|Publication number||US5054441 A|
|Application number||US 07/353,322|
|Publication date||Oct 8, 1991|
|Filing date||May 15, 1989|
|Priority date||Jun 17, 1988|
|Also published as||CA1323309C, DE346675T1, DE68908027D1, DE68908027T2, EP0346675A2, EP0346675A3, EP0346675B1|
|Publication number||07353322, 353322, US 5054441 A, US 5054441A, US-A-5054441, US5054441 A, US5054441A|
|Inventors||Yoshihide Nakatani, Shigeichi Okada, Eiji Yaezawa, Makoto Takata, Takafumi Nakahara|
|Original Assignee||Mitsubishi Jukogyo Kabushiki Kaisha|
|Export Citation||BiBTeX, EndNote, RefMan|
|Patent Citations (11), Referenced by (7), Classifications (13), Legal Events (4)|
|External Links: USPTO, USPTO Assignment, Espacenet|
1. Field of the Invention
The present invention relates to a decompression device in a two-cycle engine which can reduce a starting torque upon start of the engine.
2. Description of the Prior Art
One prior art example of a two-cycle engine having decompression means is illustrated in FIG. 7. The illustrated engine is a piston valve type spark-ignition two-cycle engine. In this figure, reference numeral 1 designates a cylinder, numeral 2 designates a cylinder liner forming an inner wall of the cylinder 1, numeral 3 designates a piston, numeral 4 designates a cylinder head, numeral 5 designates a combustion chamber, numeral 6 designates an exhaust port, and an opening 6a of the exhaust port 6 on the side of the cylinder inner wall is opened and closed by sliding movements of the piston 3.
On the inner wall of the above-mentioned cylinder 1 is scooped out or formed a compressed gas leak groove 7 located within the range of and adapted to be opened and closed by sliding movements of the piston 3. Groove 7 extends from the top edge of the opening 6a of the exhaust port 6 on the side of the cylinder inner wall towards the upper dead point as shown in FIG. 8.
This compressed gas leak groove 7 is formed in an inverse isosceles trapezoid shape in a plan configuration having a portion 7a communicating with the opening 6a of the exhaust port on the side of the cylinder inner wall side choked into a narrow width as compared to its top starting edge portion 7b, as shown in FIG. 9.

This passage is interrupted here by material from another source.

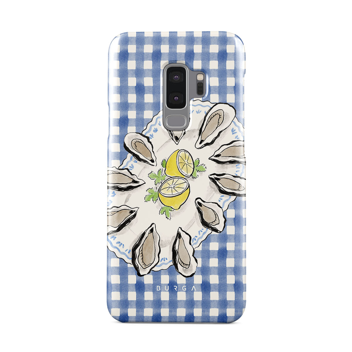 此設計特色:牡蠣、檸檬、藍色格子圖案、新鮮海岸元素、柔和的粉彩色調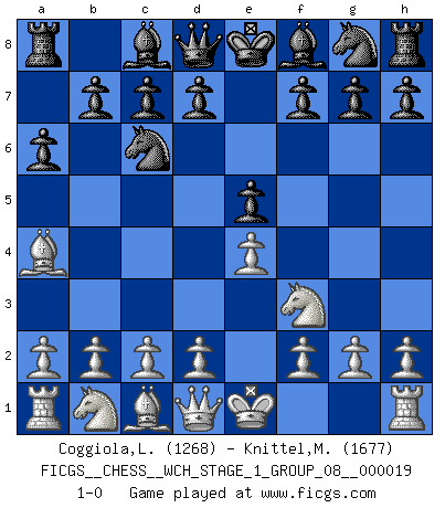 Last move : 1-0 2018 April 26 9:59:21 [Event "FICGS__CHESS__WCH_STAGE_1_GROUP_08__000019"] [Site "FICGS"] [Date "2018.03.23"] [Round "1"] [White "Coggiola,Leandro Damian"] [Black "Knittel,Martin"] [Result "1-0"] [WhiteElo "1268"] [BlackElo "1677"] 1.e4 e5 2.Nf3 Nc6 3.Bb5 a6 4.Ba4 1-0 This chess game has been lost on time (started : 2018.03.23 18:24:53) Ruy Lopez Player White won this chess game. Follow this game move after move (download)Chess is life. (Bobby Fischer) Glücklicherweise sind Großmeister Ruben Fines reine Schachbücher weniger phallozentrisch [als seine Schachpsychologie] und deswegen auch weniger lächerlich. (Nigel Short) Si yo gano un torneo, yo lo gano por mí mismo. Yo hago las jugadas. Nadie me ayuda. (Bobby Fischer) Karpov est une pièce de musée. (Garry Kasparov) Always two there are. No more no less. A master, and an apprentice. (Master Yoda in Star Wars ep.1)

It is to be noted that examples of modifications of the above-described compressed gas leak groove 7 of inverse isosceles trapezoid shape are a compressed gas leak groove 8 of oval shape in plan configuration as shown in FIG. 10, a compressed gas leak groove 9 of T-shape as shown in FIG. 11, a compressed gas leak groove 10 of inclined key hole shape as shown in FIG. 12, and a compressed gas leak groove 11 of X-mas tree shape as shown in FIG. 13. End portions 8a, 9a, 10a and 11a of such grooves communicating with the opening 6a of the exhaust port 6 on the side of the inner wall of the cylinder are formed to be narrow in width.
Also, in some cases, there may be provided plural of the above-mentioned compressed gas leak grooves 7-11 distributed along the opening 6a of the exhaust port 6 on the side of the inner wall of the cylinder. Furthermore, the top starting end portion of each of the above-described compressed gas leak grooves 7-11 is disposed preferably at a position of 40° or less in a crank shaft angle.
Still further, preferably the above-mentioned compressed gas leak groove 7 (or 8-11) is formed in such manner that the depth of the groove at the top starting end portion 7b is relatively shallow, but that the depth at the communicating portion 7a is deep, resulting in an advantage that flow of the exhaust gas passing through the compressed gas leak groove 7 is made smooth. It is to be noted that reference numeral 13 designates an air feed port.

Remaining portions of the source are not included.